Dal ritrovamento all’ultima sentenza: una storia lunga 51 anni – Nel 1964 il peschereccio “Ferruccio Ferri” di Romeo Pirani, pescatore fanese morto nel 2004, trova la statua. Il luogo della scoperta è tutt’ora incerto, ma secondo il racconto dell’equipaggio, la scultura si trovava sul fondale di una zona al largo del Monte Conero, chiamata “Scogli di Pedaso”. Dopo aver issato l’opera sull’imbarcazione, Pirani sotterra il bronzo in un campo di cavoli, mette in circolazione la fotografia e vende la statua. I racconti sono imprecisi e, soprattutto, senza nomi, ma parlano di una vendita di 3 milioni e 500mila lire. Da qui i contorni della storia si fanno meno nitidi.

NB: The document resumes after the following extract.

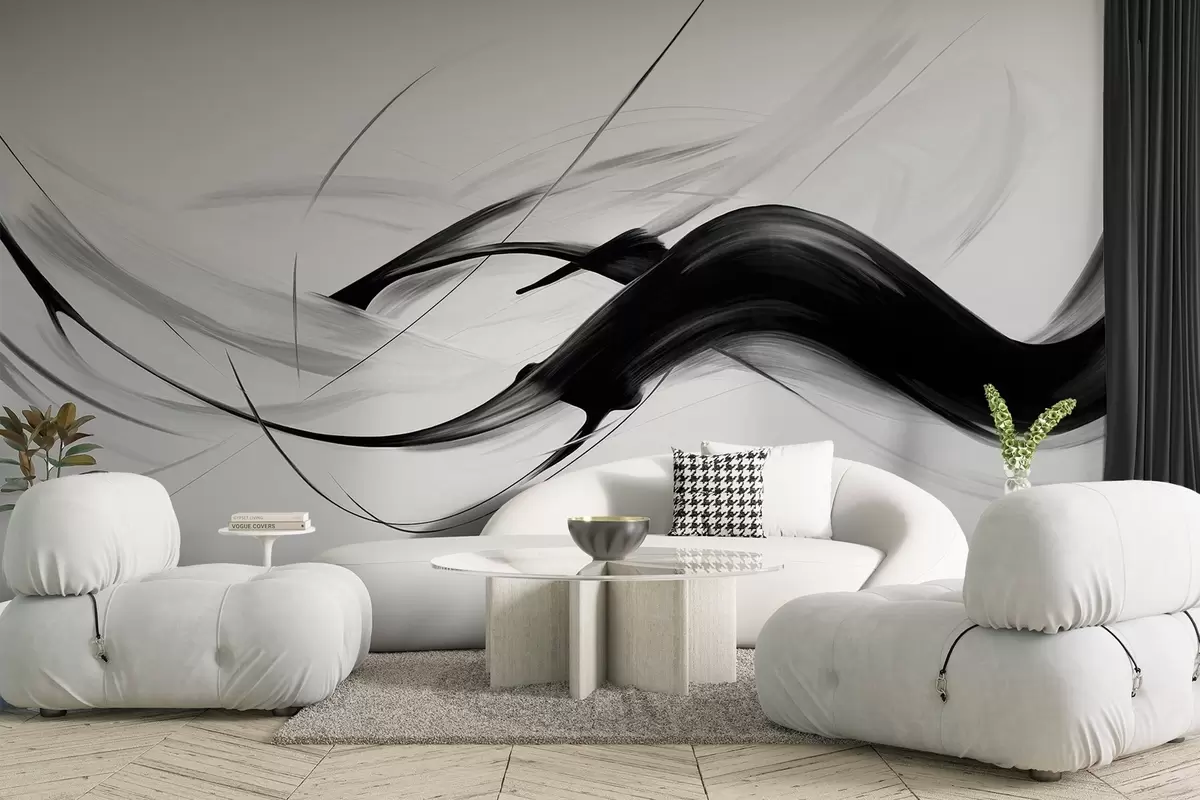 Fotobehang Abstracte zwart-witte penseelstreken met dunne lijnen die een modern ontwerp vormen tegen een lichte achtergrond. N° w09605
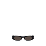 Sunglasses by Saint Laurent, cut-out design, thin acetate frame, iconic brand signature etched on side temples, frame compatible with corrective lenses.

La statua viene cercata e per la sua sparizione vanno a processo quattro persone, tre commercianti di Gubbio Pietro, Fabio e Giacomo Barbetti e don Giovanni Nagni. Dopo quattro anni di udienze gli imputati vengono assolti in secondo grado a Roma il 18 novembre 1970. Impossibile, secondo i giudici, accertare l’interesse artistico, storico e archeologico della statua, nel frattemposcomparsa. Nel 1974 l’opera riappare al Museo Getty che l’ha pagata 3,9 milioni di dollari. Come questa sia arrivata negli Stati Uniti entrando a far parte della collezione, però, resta un mistero. Secondo lo storico fanese Alberto Berardi l’Atleta lascia Gubbio con una spedizione di forniture mediche inviate in Brasile ad un missionario parente dei Barbetti e acquistata alla morte di Paul Getty dopo essere restaurata al Dorner Institut di Monaco.

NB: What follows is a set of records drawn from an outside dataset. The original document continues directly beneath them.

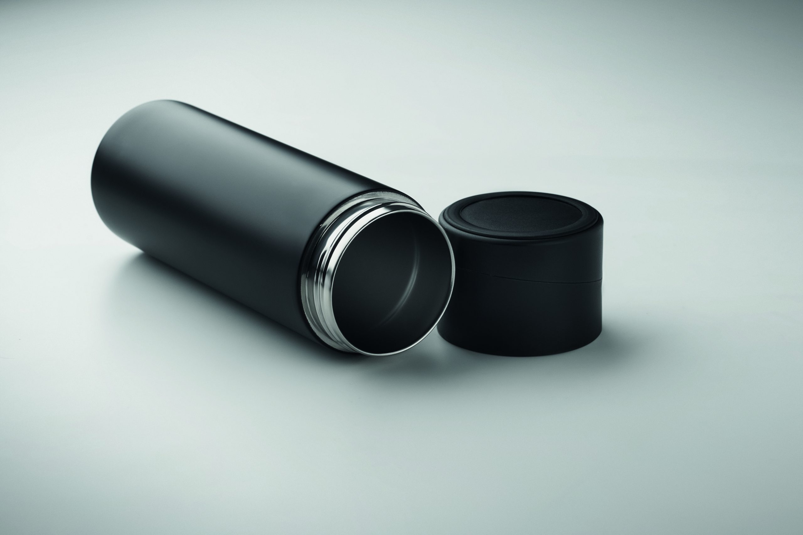 Dwuścienna butelka z izolacją próżniową z recyklingowanej stali nierdzewnej (90% z recyklingowanej stali nierdzewnej i 10% ze stali nierdzewnej) z silikonową, antypoślizgową zakrętką z uchwytem na telefon. Pojemność: 420 ml.
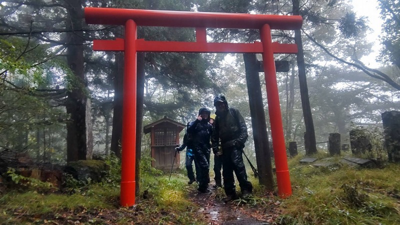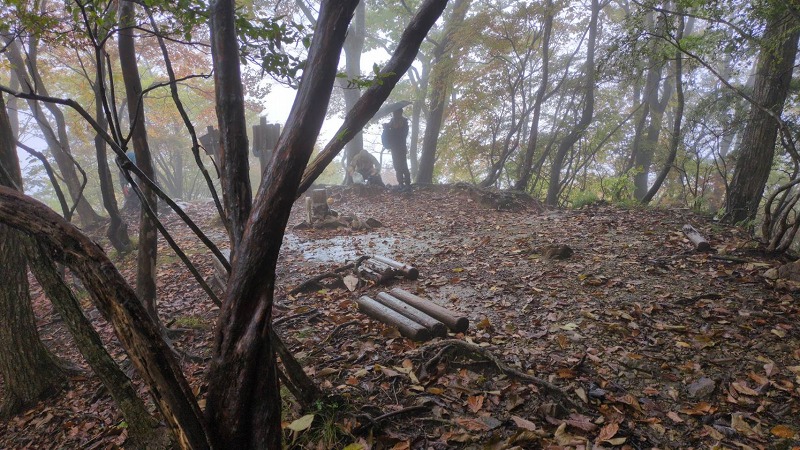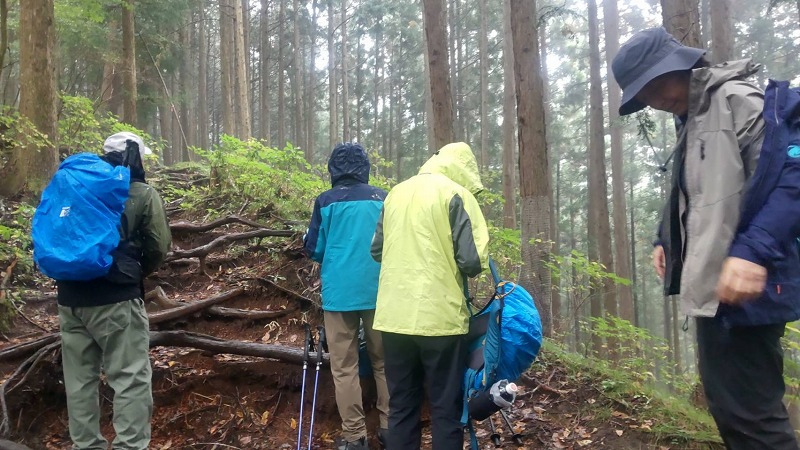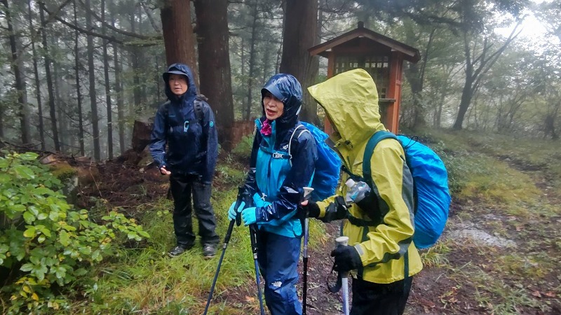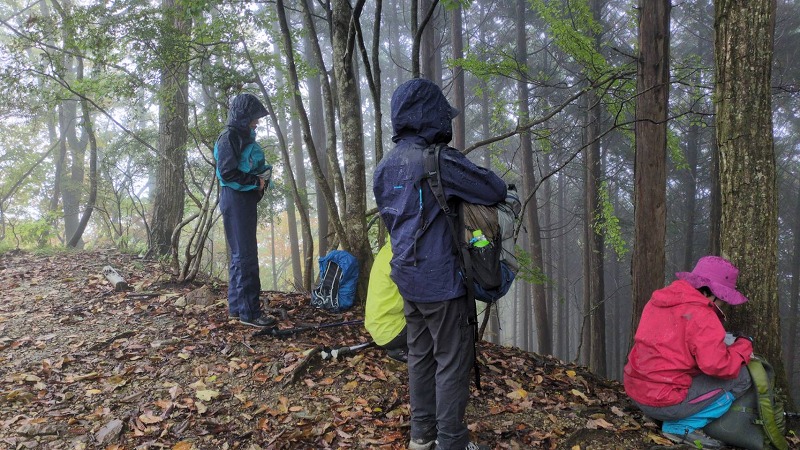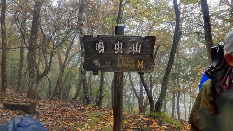 何とか鳴虫山の山頂に到着しました。ここで雨の山行を中止しました。ずっと雨の中です。
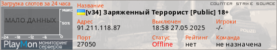 [v34] Заряженный Террорист [Public] 18+ представлен в виде сервера ксс. Из всех имеющихся на сайте модификаций игровых серверов, вам может понравиться GunGame серверы css. А для быстрой навигации по всем меткам - используйте главную страницу игры Counter Strike Source.

Le indagini comunque si interrompono per anni, fino al 1990, quando il ministero dei Beni culturali italiano segnala a quello degli Esteri che un nuovo frammento del Lisippo è stato dissotterrato dal campo di cavoli di Carrara di Fano. La battaglia Italia – Usa, però, si riapre solo con il ministro Rocco Buttiglione. Una prima conquista avviene nel 2006, quando il vice premier Francesco Rutelli vince un braccio di ferro con il Getty, ottenendo la restituzione di 39 opere esportate illegalmente, fra cui la Venere di Morgantina. L’Atleta di Fano, chiamato “Victorius Youth” dagli americani, viene però trattenuto. La città di Fano e la regione Marche non accettano la mancata restituzione e nel 2007, l’associazione culturale Le Cento Città presenta un esposto alla procura di Pesaro per violazione delle norme doganali e contrabbando.

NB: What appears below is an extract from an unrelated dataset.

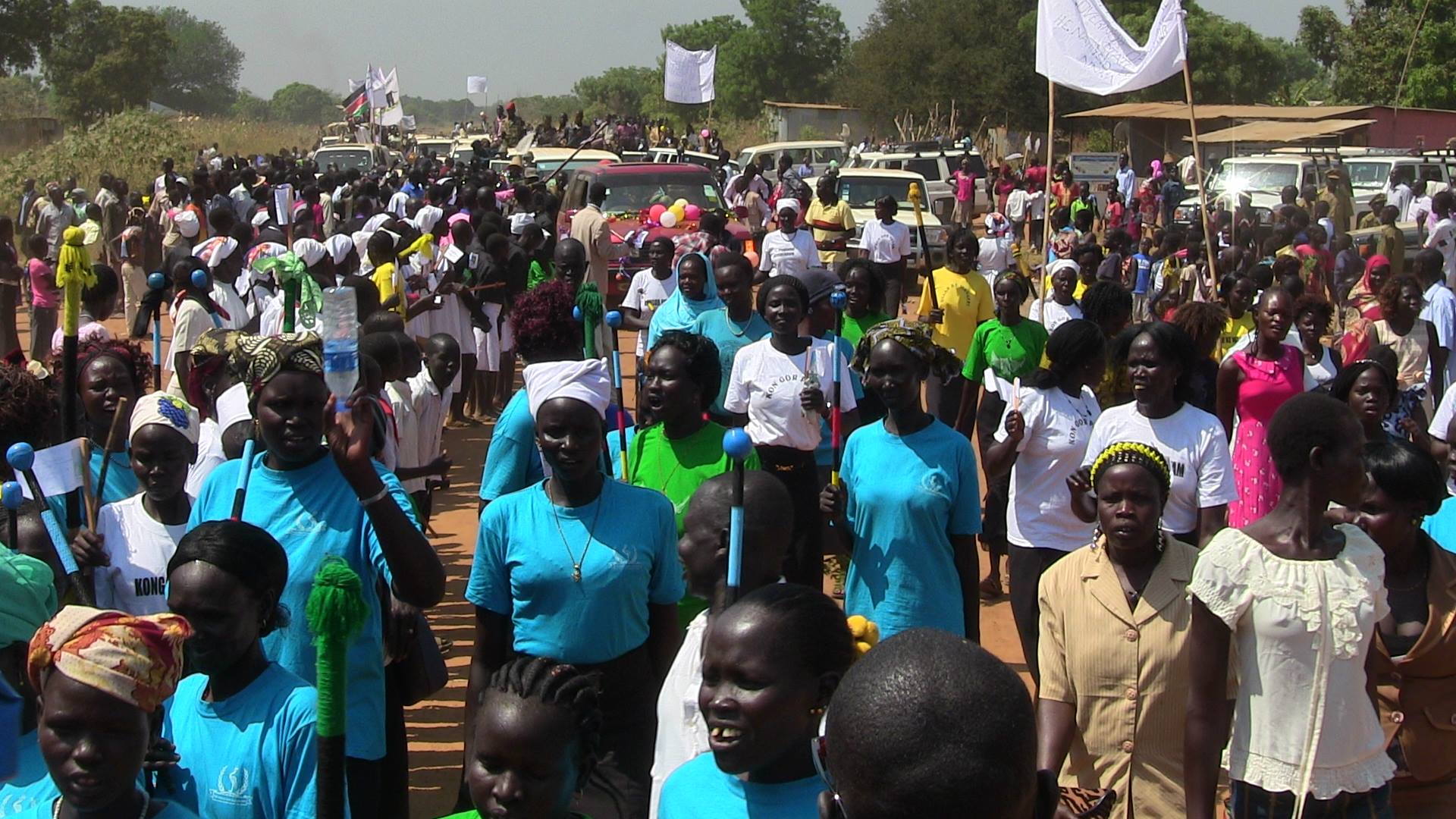 Loluke who was accompanied by former Eastern Equatoria State governor now governor of Namurunyang State, Louse Lobong Lojore was received by thousands of people who gathered and line up up along the road side from Magwi to Torit.

Il procedimento giudiziario prosegue per anni, fino a quando il gip Lorenza Mussoni nel 2009 dichiara il bronzo “patrimonio indisponibile dello Stato” e nel 2010 dispone il sequestro dell’opera. Inutili le battaglie e i ricorsi del museo statunitense, oggi nuovamente invitato alla restituzione della statua di Lisippo.